MATH 553. Algebraic Geometry II. 4 hours.

Divisors and linear systems, differentials, Riemann-Roch theorem for curves, elliptic curves, geometry of curves and surfaces. Course Information: Prerequisite(s): MATH 552.

MATH 554. Complex Manifolds I. 4 hours.

Holomorphic functions in several variables, Riemann surfaces, Sheaf theory, vector bundles, Stein manifolds, Cartan theorem A and B, Grauert direct image theorem. Course Information: Prerequisite(s): MATH 517 and MATH 535.

MATH 555. Complex Manifolds II. 4 hours.

Dolbeault Cohomology, Serre duality, Hodge theory, Kadaira vanishing and embedding theorem, Lefschitz theorem, Complex Tori, Kahler manifolds. Course Information: Prerequisite(s): MATH 517 and MATH 535.

MATH 568. Topics in Algebraic Topology. 4 hours.

Homotopy groups and fibrations. The Serre spectral sequence and its applications. Classifying spaces of classical groups. Characteristic classes of vector bundles. Course Information: May be repeated. Students may register in more than one section per term. Prerequisite(s): MATH 548 or consent of the instructor.

MATH 569. Advanced Topics in Geometric and Differential Topology. 4 hours.

Topics from areas such as index theory, Lefschetz theory, cyclic theory, KK theory, non-commutative geometry, 3-manifold topology, hyperbolic manifolds, geometric group theory, and knot theory. Course Information: Prerequisite(s): Approval of the department.

MATH 570. Advanced Topics in Differential Geometry. 4 hours.

Subject may vary from semester to semester. Topics may include eigenvalues in Riemannian geometry, curvature and homology, partial differential relations, harmonic mappings between Riemannian manifolds hyperbolic geometry, arrangement of hyperplanes. Course Information: May be repeated. Students may register in more than one section per term. Prerequisite(s): Approval of the department.

MATH 571. Advanced Topics in Algebraic Geometry. 4 hours.

Various topics such as algebraic curves, surfaces, higher dimensional geometry, singularities theory, moduli problems, vector bundles, intersection theory, arithematical algebraic geometry, and topologies of algebraic varieties. Course Information: May be repeated. Students may register in more than one section per term. Prerequisite(s): Approval of the department.

MATH 576. Classical Methods of Partial Differential Equations. 4 hours.

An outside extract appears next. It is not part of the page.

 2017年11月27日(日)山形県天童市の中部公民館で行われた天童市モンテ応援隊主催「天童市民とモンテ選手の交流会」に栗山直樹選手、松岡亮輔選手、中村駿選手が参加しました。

First and second order equations, method of characteristics, weak solutions, distributions, wave, Laplace, Poisson, heat equations, energy methods, regularity problems, Green functions, maximum principles, Sobolev spaces, imbedding theorems. Course Information: Prerequisite(s): MATH 410 and MATH 481 and MATH 533; or consent of instructor.

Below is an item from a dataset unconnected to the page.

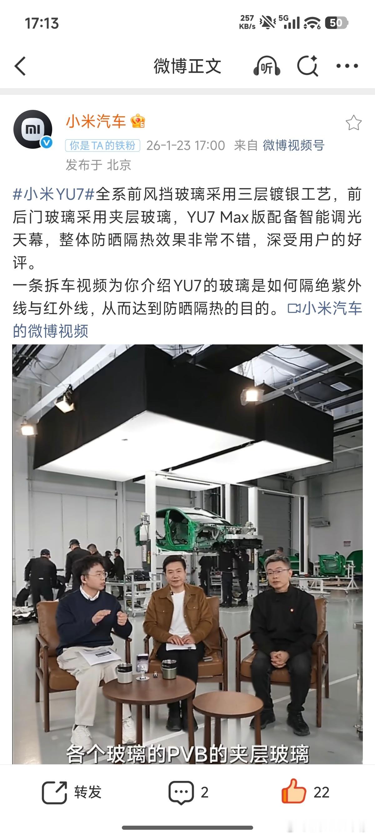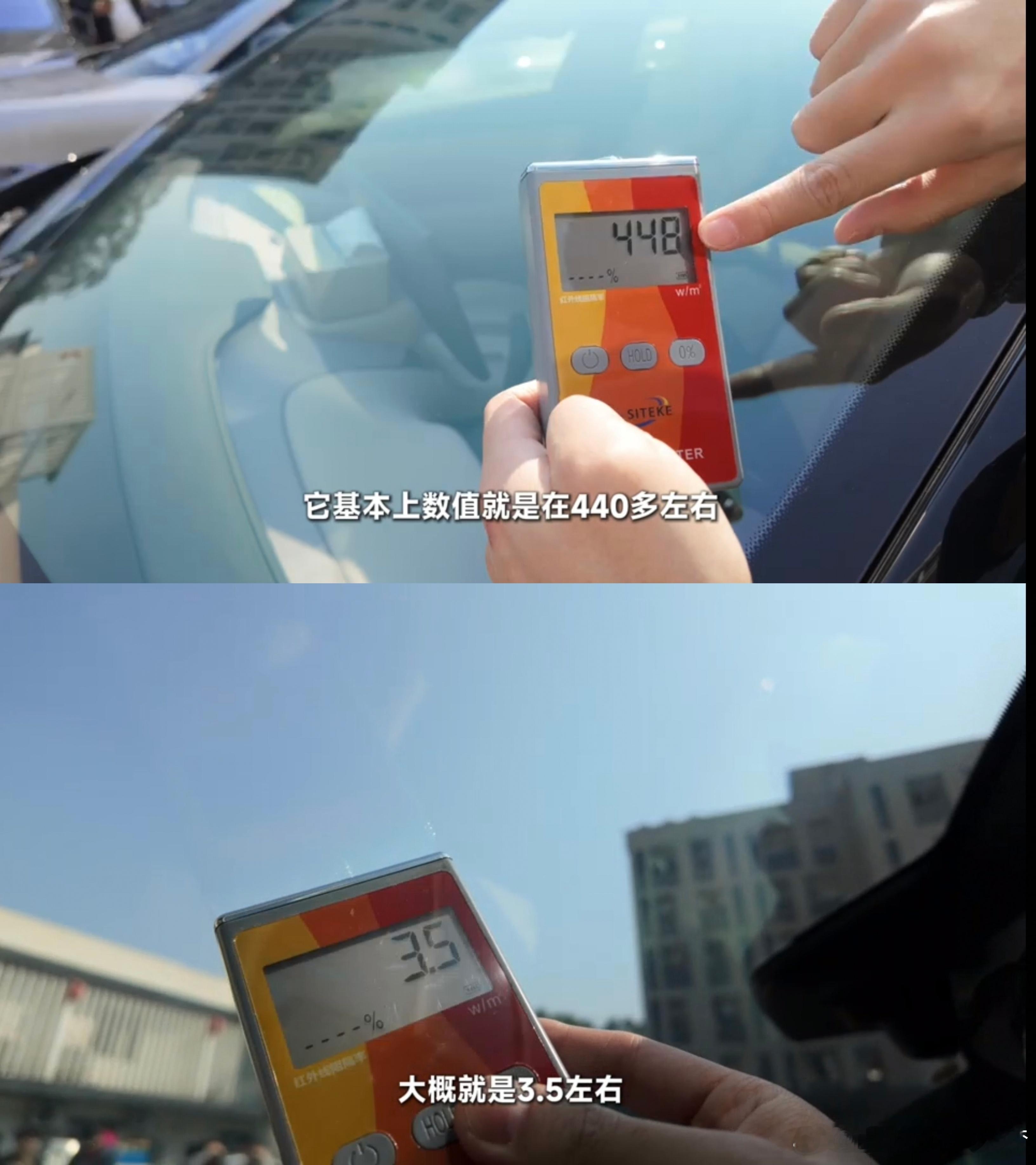 小米YU7刚刷到了小米汽车发的关于yu7前档的防晒隔热视频,正好我之前也测了个数据,大家可以参考下首先需要了解的是,热感,来源于红外线晒黑,取决于紫外线“亮”,来源于可见光我用的仪器是测红外线的,车外440左右,到车内就只有3.5了,基本上可以说效果非常显著(因为我还测了台额外贴了金属膜的车,数据大概是1.5)紫外线的当时这车上市的时候也测过,数据比较久远也懒得去找了,大家感兴趣可以直接搜内容,估计关键词也就是隔热、防晒这一类的所以我的结论是,yu7前档真的没必要贴膜可能在太热天艳阳高照的情况下你依然会觉得“亮”、“光线大”,但这其实只是可见光,并不会让你变黑可能有人会喷我“并不会让你变黑”这个观点,毕竟阻隔不是100%,但试问谁能做到100%,贴膜后也照样不能100%阻隔大v聊车

MATH 577. Advanced Partial Differential Equations. 4 hours.

Linear elliptic theory, maximum principles, fixed point methods, semigroups and nonlinear dynamics, systems of conservation laws, shocks and waves, parabolic equations, bifurcation, nonlinear elliptic theory. Course Information: Prerequisite(s): MATH 533 and MATH 576 or consent of the instructor.

MATH 578. Asymptotic Methods. 4 hours.

Asymptotic series, Laplace's method, stationary phase, steepest descent method, Stokes phenomena, uniform expansions, multi-dimensional Laplace integrals, Euler-MacLaurin formula, irregular singular points, WKBJ method. Course Information: Prerequisite(s): MATH 417 and MATH 481; or consent of instructor.

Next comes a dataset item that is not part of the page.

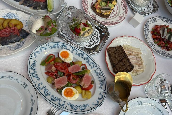 Пока открытие техническое, некоторых позиций из меню не было в наличии, например десертов. А в целом кухня сосредоточена на понятных всем с детства закусках. Есть бутерброды со шпротами, оливье, паштет, салат с редиской и многое другое. Один из самых интересных разделов — с коктейлями, многие посвящены известным песням и стихотворениям. Можно, например, попробовать «Сторону А/Сторону Б» «Каспийского груза» или «Для голоса» Маяковского.

MATH 580. Mathematics of Fluid Mechanics. 4 hours.

Development of concepts and techniques used in mathematical models of fluid motions. Euler and Navier Stokes equations. Vorticity and vortex motion. Waves and instabilities. Viscous fluids and boundary layers. Asymptotic methods. Course Information: Prerequisite(s): Grade of C or better in MATH 410 and grade of C or better in MATH 417 and grade of C or better in MATH 481.

MATH 581. Special Topics in Fluid Mechanics. 4 hours.

Geophysical fluids with applications to oceanography and meteorology, astrophysical fluids, magnetohydrodynamics and plasmas. Course Information: Prerequisite(s): Grade of C or better in MATH 580.

MATH 582. Linear and Nonlinear Waves. 4 hours.

Analysis of partial differential equations describing (non-) linear wave phenomena. In particular, dispersive and hyperbolic equations. Analytical techniques include Fourier transformation and fixed point theorems. Course Information: Prerequisite(s): Graduate standing and MATH 533 and MATH 576 OR MATH 539 or consent of the instructor.

MATH 584. Applied Stochastic Models. 4 hours.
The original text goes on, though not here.